El mundo entero se une bajo el #PrayForKyoAni en solidaridad por el brutal ataque sufrido por el studio 1 de Kyoto Animation, ubicado en la ciudad de Uji.

Ayer muchos nos levantamos con una terrible noticia: la emisora de noticias pública de Japón NHK informaba de que un hombre de 41 años había prendido fuego al edificio del Estudio 1 de Kyoto Animation, ubicado en la ciudad de Uji, cerca de la estación Rokujizō. Tras una jornada en la que la actualización de la información sobre el incidente iba dejando un incremento de fallecidos, llegando a las 33 víctimas mortales y 35 heridos, 10 de ellos en estado grave, el Departamento de bomberos de Kioto confirmaba el fin de las labores de rescate de cuerpos y la extinción del fuego cinco horas después de su inicio.
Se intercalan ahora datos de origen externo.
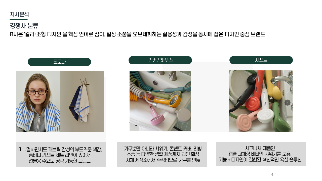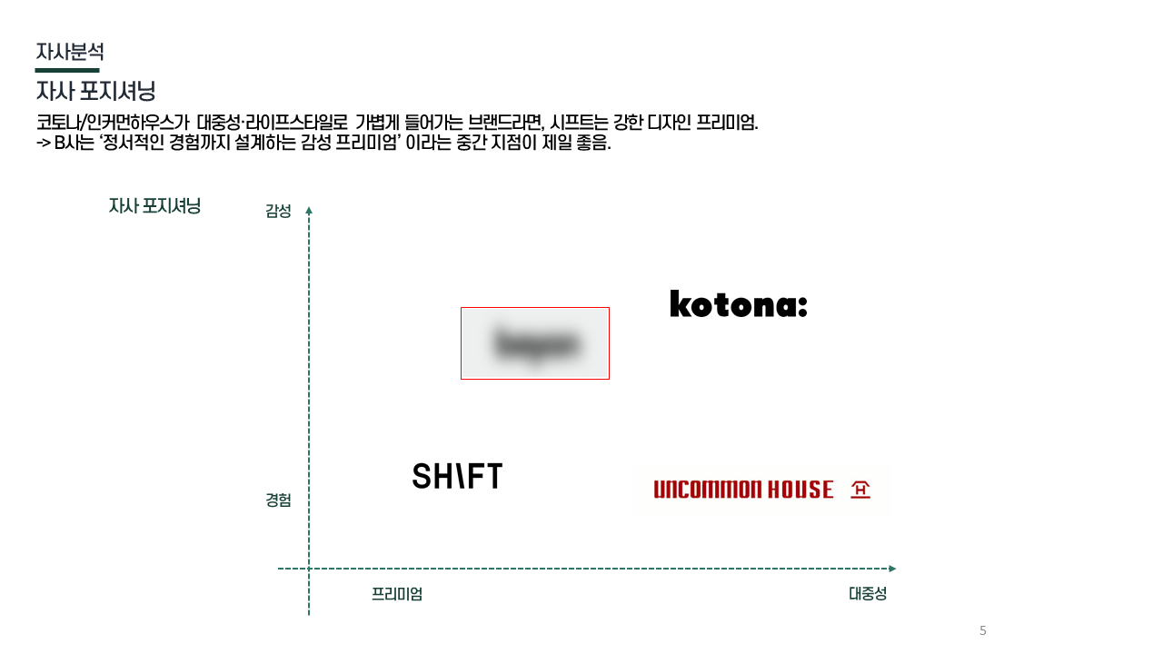 경쟁사 비교 대중성 브랜드(코토나·인커먼)와 프리미엄 브랜드(시프트)의 중간 지점 / 감성 프리미엄 영역이 최적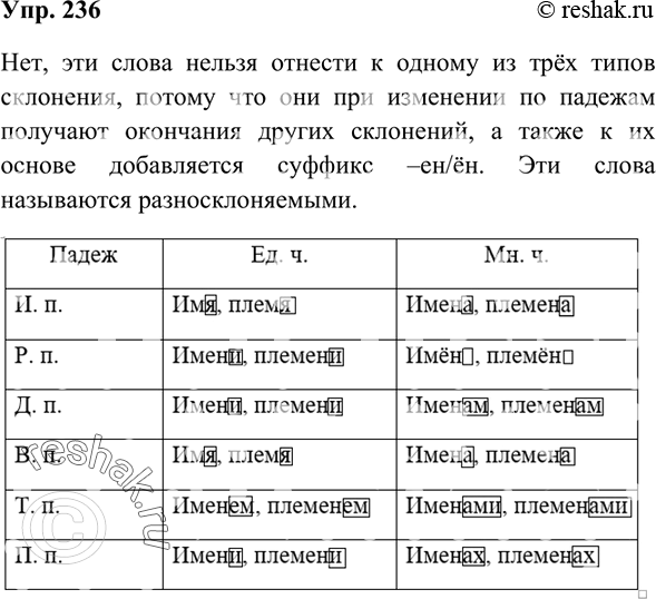 236 Рассмотрите таблицу и скажите, можно ли отнести слова в таблице к одному из трёх типов склонения. Свой ответ обоснуйте. Просклоняйте слова имя и племя.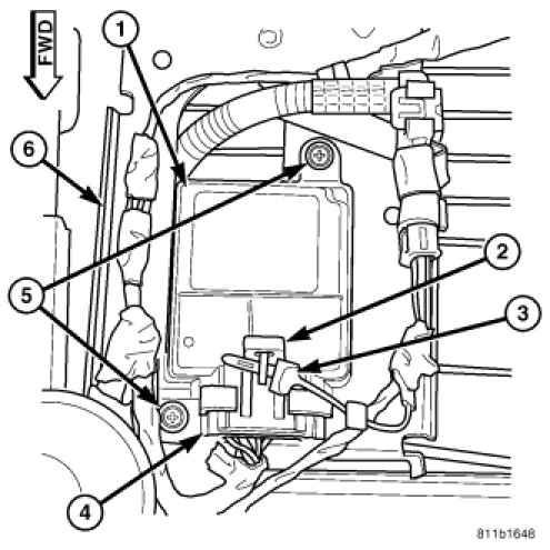 1. Carefully position the OCM (1) to the OCM bracket (6). When the OCM is correctly positioned, the connector (4) on the module will be pointed to right side of the vehicle.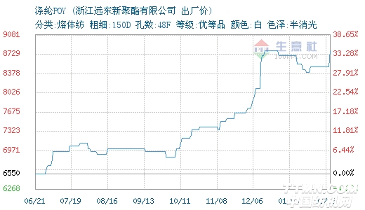 02月03日浙江远东新聚酯有限公司关于涤纶POY的报价为8800元/吨。涤纶POY的出产地为浙江绍兴;涤纶POY的属性:分类:熔体纺;粗细:150D;等级:优等品;孔数:48F;颜色:白;色泽:半消光。该报价有效期为1天。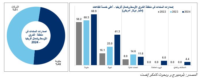 وعلى مستوى القطاعات المختلفة في منطقة الشرق الأوسط وشمال إفريقيا، سجلت البنوك أعلى معدل نمو للإصدارات خلال 2024، بينما شهد قطاع الخدمات المالية تراجعاً بما يقرب من الخمس.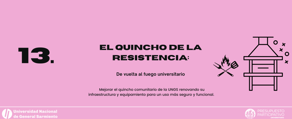 El proyecto propone la mejora integral del quincho comunitario de la UNGS, un espacio muy utilizado para reuniones de trabajo, encuentros estudiantiles, actividades institucionales, celebraciones y cierres de cursada. Actualmente, el quincho presenta deterioro en la parrilla, desgaste en los cerramientos (nylon cristal), corrosión en superficies metálicas y falta de un espacio adecuado de guardado y herramientas necesarias para su uso.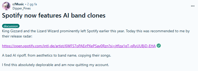 I brani risultavano credibilmente simili agli originali, tanto da far pensare che chi li avesse generati avesse semplicemente fornito a un modello IA i testi e qualche riferimento musicale, chiedendo poi di imitare lo stile della band. «Una brutta imitazione dell’Intelligenza Artificiale – commentava l’autore del post su Reddit – dall’estetica al nome della band, fino alla copia delle loro canzoni. Trovo tutto questo assolutamente deplorevole e chiuderò il mio account su Spotify».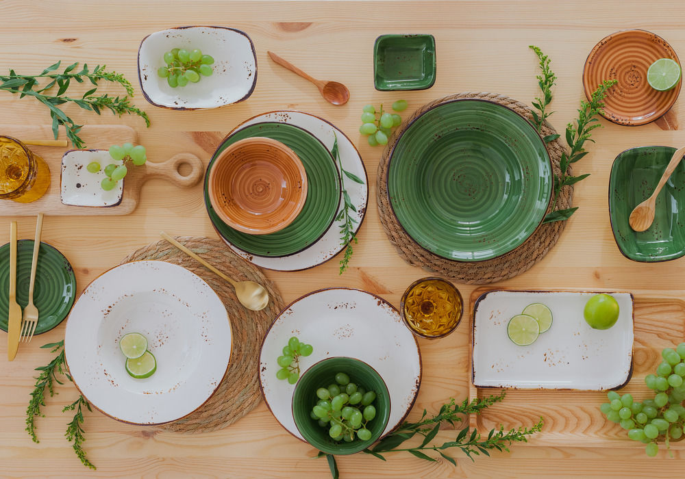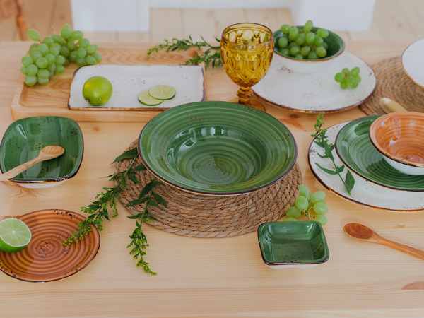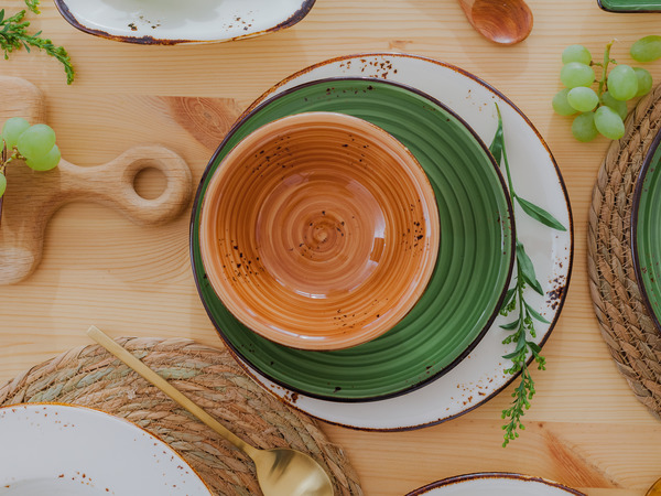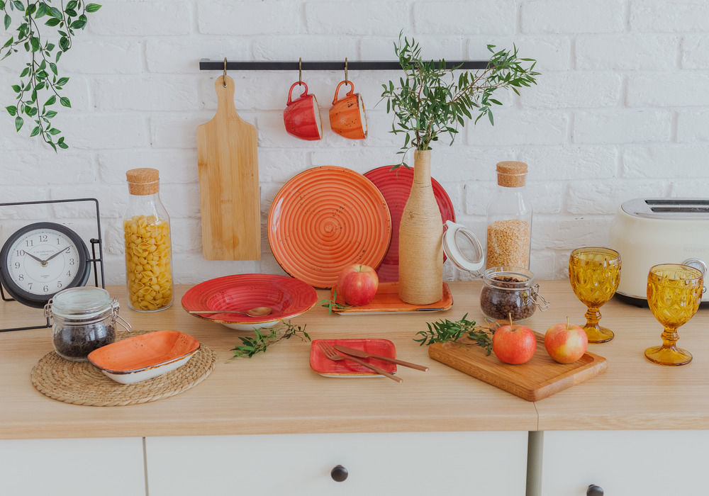 Если хотите оживить интерьер кухни, используйте посуду природных оттенков. Она безупречно сочетается с оформлением в экостиле, а ещё удачно смотрится на столешницах из массива и с деревянными подносами. Результат: гармония, свежесть и уют.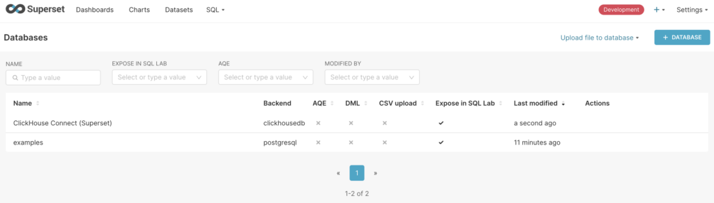 That’s all! At this point your ClickHouse database should be available for use in Superset.

El departamento de bomberos señaló que la mayoría de los fallecidos se encontraban en el último piso del edificio ya que varios de los trabajadores habían muerto al desplomarse las escaleras que llevaban a la azotea, la cual sólo se podía abrir desde fuera, imposibilitando la huida. No obstante, uno de los bomberos que participó en las labores de extinción señaló que la cifra de fallecidos podría aumentar, ya que “se deben quitar los escombros caídos y podríamos encontrar más” cuerpos.

El incendio dio comienzo a las 10.30 hora local (las 03.30 hora peninsular), cuando un hombre cuya identidad no ha sido revelada entró en la sede de la compañía. Tras arrojar gasolina, prendió fuego al tiempo que gritaba “¡Tu mueres!” (o “¡Morid!”, según la traducción empleada en cada medio). Un trabajador de una oficina cercana ha declarado a NHK que escuchó “una explosión repentina y un ruido muy fuerte”, afirmación en la que coinciden los diversos testigos del incidente que han sido entrevistados por diversos canales locales y que añaden que “el humo negro y el olor del incendio eran terribles”. Asimismo, una de los testigos de la escena explicó al diario Mainichi que cuando la policía detuvo al presunto culpable «estaba descalzo y cubierto de sangre, y había perdido la piel de los brazos por las quemaduras. Su pelo también estaba chamuscado. Vestía una camiseta y unos vaqueros, pero su ropa estaba ardiendo».

La policía de Kioto ha abierto una investigación sobre este suceso, aunque los primeros indicios apuntan a que el sospechoso utilizó un líquido inflamable “similar a la gasolina”, por lo que se estaría hablando de un incendio provocado. En el lugar de los hechos se encontraron varios cuchillos, aunque de momento no se han podido ligar al acusado del incendio. La policía también se encuentra investigando unas declaraciones de uno de los presentes que sitúan al culpable en una gasolinera cercana, a unos 500 metros del edificio de KyoAni, donde compró 40 litros de gasolina unos 30 minutos antes de que se desatara el incendio. Actualmente el acusado se halla bajo arresto policial en el hospital, ya que se encuentra entre los heridos. Aunque ha confirmado a la policía ser el ejecutor del incendio, de momento se desconoce el móvil del ataque. Por su parte, Kyoto Shimbun también ha informado que cuando el presunto culpable fue detenido, el hombre dijo que supuestamente incendió el edificio porque «[me] robaron mi novela».

El presidente de Kyoto Animation, Hideaki Hatta, ha indicado a los medios de comunicación que la compañía “desde hace unos años, ha recibido a menudo avisos como amenazas de muerte» y que él mismo había respondido a algunos de esos mensajes de forma «sincera». Hatta también incidió que en dichos emails también se usaba la misma expresión, «tú mueres».

Asimismo, Hatta ha confirmado en una reciente entrevista que todos los ordenadores del edificio han quedado completamente destruidos, revelando que las pérdidas son incalculables. «Este es un duro golpe para nuestra empresa e industria. Cada uno de los fallecidos era un excelente y maravilloso colega» ha afirmado.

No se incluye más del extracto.